Posted April 13, 2018 by Raj Shroff

I was in Manhattan last week so stopped into the Amazonbooks store. Given Amazon’s reputation with Go, Drones, Blimps, etc. and their label as a traditional retailer killer, I braced for a truly unique (and perhaps mind blowing) experience. I was genuinely excited to check it out.

A friendly associate welcome me upon entry and, having found out I was a first-timer, took me through the whole process. For those of you who haven’t been, you use the app to scan books, access prices, find books and pay.

The store looks like a traditional book store, shelves of books, a few Amazon devices on tables and a coffee shop off to the side. If you want to find out the price for a book you can either look at the insert or they prefer you scan the book with your app. If you are a Prime member, you get the Prime price. On the shelf set beneath each book is a printed review card. The card has a “real” review on it and a star rating for the book (think what Best Buy did years ago but large enough to actually read). That’s the store in a nutshell.

Now I’m really a library guy; why buy a book you will likely only read once? But I decided to give the store a shot so searched for the Elon Musk biography that’s been on my list.

Together the associate and I searched for the book.
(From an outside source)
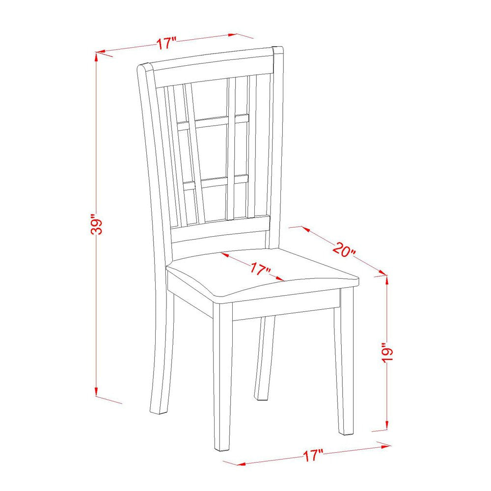EAST WEST FURNITURE - DLNI5-BLK-C - DINING ROOM SETThe stylish design and decor of our kitchen set will enhance the appearance of any dining area. Comprising a breakfast table and 4 matching chairs, this 5-piece set adds simple and contemporary beauty to your home, and is perfect for kitchens, kitchens, and dining areas. The table seats up to four people, making it great for family-style dinners and meals with friends. In our kitchen, we have a breakfast table that features a smooth black tabletop and coordinating pedestal legs. It is accompanied by black chairs with four legs, which come with comfortable seats made of linen fabric. The innovative design of the kitchen chairs seamlessly complements any decor, adding a sense of elegance to your room. The slatted back of the wood dining chair blends beautifully with the linen fabric seat, creating a sophisticated look. Crafted from high-quality Asian wood material, also known as Rubber wood, this kitchen table set is durable and stable. We have employed highly experienced carpenters to create a smooth and high-quality finish for this dining room set, which is sure to increase the elegance of any dining room.PRODUCT FEATURES: Frame Material: Rubber Wood Table Color: Black Chair Color: Black Seat Material: Linen Fabric Back Style: Slatted Kitchen Chairs Sizes: Length: 20; Width: 17; Height: 39. Dining Table Sizes: Length: 42; Width: 42; Height: 29.5.Included: A Modern Dining Table and 4 Wooden Chairs.

The search went like this: Type Musk into the app, a few titles pop up, select the right one, the page says lists the part of the store it’s in, we walk over to, in this case Biographies, and find the book.

By now I am in a hurry so I grab the book and head over to checkout. Just before I get there another customer steps into line ahead of me. She has a question, seems like a complex one. I stand there with my app open and book in hand. Amazon knows me, I just scanned the book 5 minutes beforehand. I wait another 2–3 minutes and wonder why I can’t just walk out of the store. Finally I get my turn. The (super friendly) woman behind the counter has me scan by phone, puts my book in a bag and asks if I want a printed receipt. I walk away wondering why the I had to wait in line.

When the associate asked me what I thought of the store, I said, “this feels like a Barnes and Noble”. Her gasp actually made me feel a little guilty. Just a little.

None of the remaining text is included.